A section mostly in forest trail with nice highlights: Laguna Questros for camping, crossing Lago de Todos los Santos and sleeping on an isolated beach, ascending El Tronador, enjoying hot spring and isolated farms.
 
Attractivity: 4
Difficulty: 3 (long forest sections)
 
Day 1:
Coming from GPT20, I started at las Gaviotas around 18.30 and finished the day hiking up to Laguna Los Questros. Very pleasant path uphill. I met a horse rider coming from la Laguna, who asked for 10k for camping over there. I wasn't sure if he was the owner but paid 5k CLP (it's just a good flat ground with a pit, dry toilets maybe). La Laguna is a great spot to camp and swim in the lake, no one there but birds and cows.
 
Day 2:
Long day walking on forest trails with tabanos. 2 farms on the way but no one there. Arrived around 18 at Lago de Todos los Santos and packrafted SE for 2.5h until nightfall (barely no wind, clear sky, lucky conditions). The evening light were charming and the surrounding landscapes reminded of many places (Fuji for Osorno, Garda & Annecy lakes)....

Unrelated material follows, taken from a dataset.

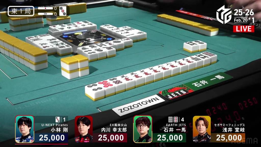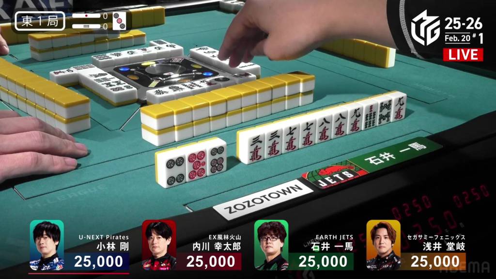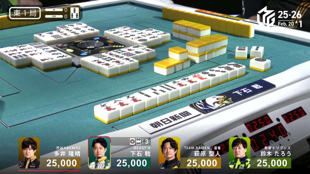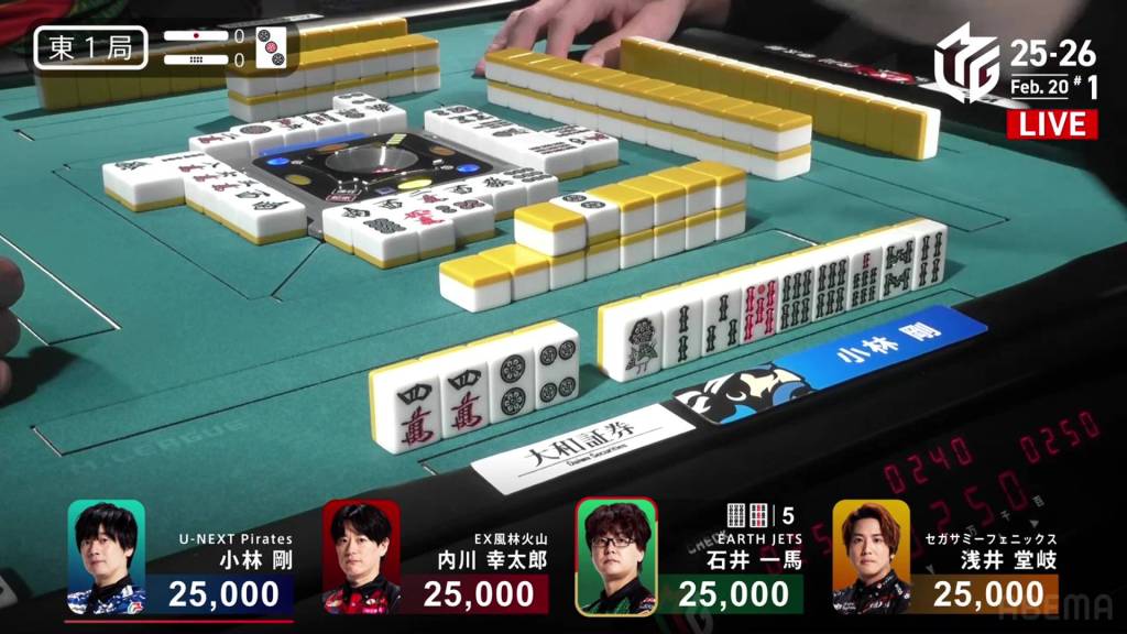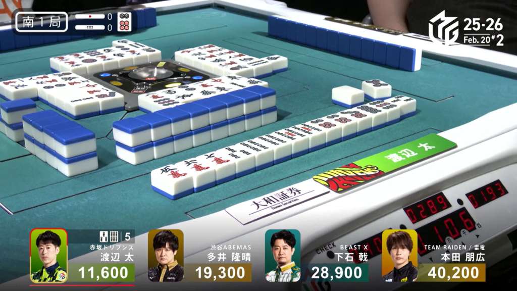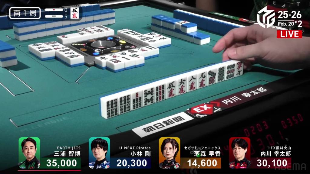 In S1-4, Miura is the dealer in 3rd place, 5,900 behind 2nd place Kobayashi and 14,700 behind 1st place Uchikawa. Two riichi sticks and four honba are in the pot, meaning that the next winner will get 3,200 in bonuses.

Camped on a lovely isolated beach (-41.117963 ; -72.127518), close to the referenced waypoint. Splendid spot.
 
Day 3:
On the water around 10:30 for 2-3h, a bit of tail wind accelerating me. It wasn't possible to access the last bit in the river meadows (not enough water) and Rio Blanco has too much current, not worth the effort. So I landed in the muddy/woody shore, where a neighbour just left by boat (-41.15470, -72.09983). Short walk along the shore before joining the trail in the forest. Nice walk in the valley, then lots of forest trail, I went eastward towards Tronador and ended up by nightfall at the hot spring spot, by the river close to the farms (thanks for the tips shared here, really a memorable place). Camping ground is perfect.
 
Day 4:
Started at 12, walked to the 2nd farm and met 4 carabineros visiting the farmer. We hiked back to the puesto together (4h). We sympathized and they invited me for dinner. Lovely company, great memories. Camped at the puesto, free, water available and a little stream for washing. Good news: they just got equipped with solar panel so no more noisy diesel generator as of now.
 
Day 5:
Relaxing hike up to Refugio Viejo (option 02B), at fast pace (1h30 up). Loved the views (and not carrying any backpack). It's quite fresh and was super windy up there so worth carrying jacket + sun glasses (very reflective with the glaciers). The CC path beyond the refuge, to the edge of the cliff is indeed not to be missed. Ran down in 45mn, amazing feeling after 2 weeks with a 25kg backpack. After chatting again with the carabineros, it took me 3-4h of forest trail to end up in Pampa Linda (17:00). Gendarmería is after the bridge, last building leaving the place. Smooth entry but the bus left (17:00 I think). Hitchhike was not successful for 30mn and I met cool people staying at the camping Vuriloche (~30k ARS if I recall) so I joined them for the night and they drove me the next day to Bariloche.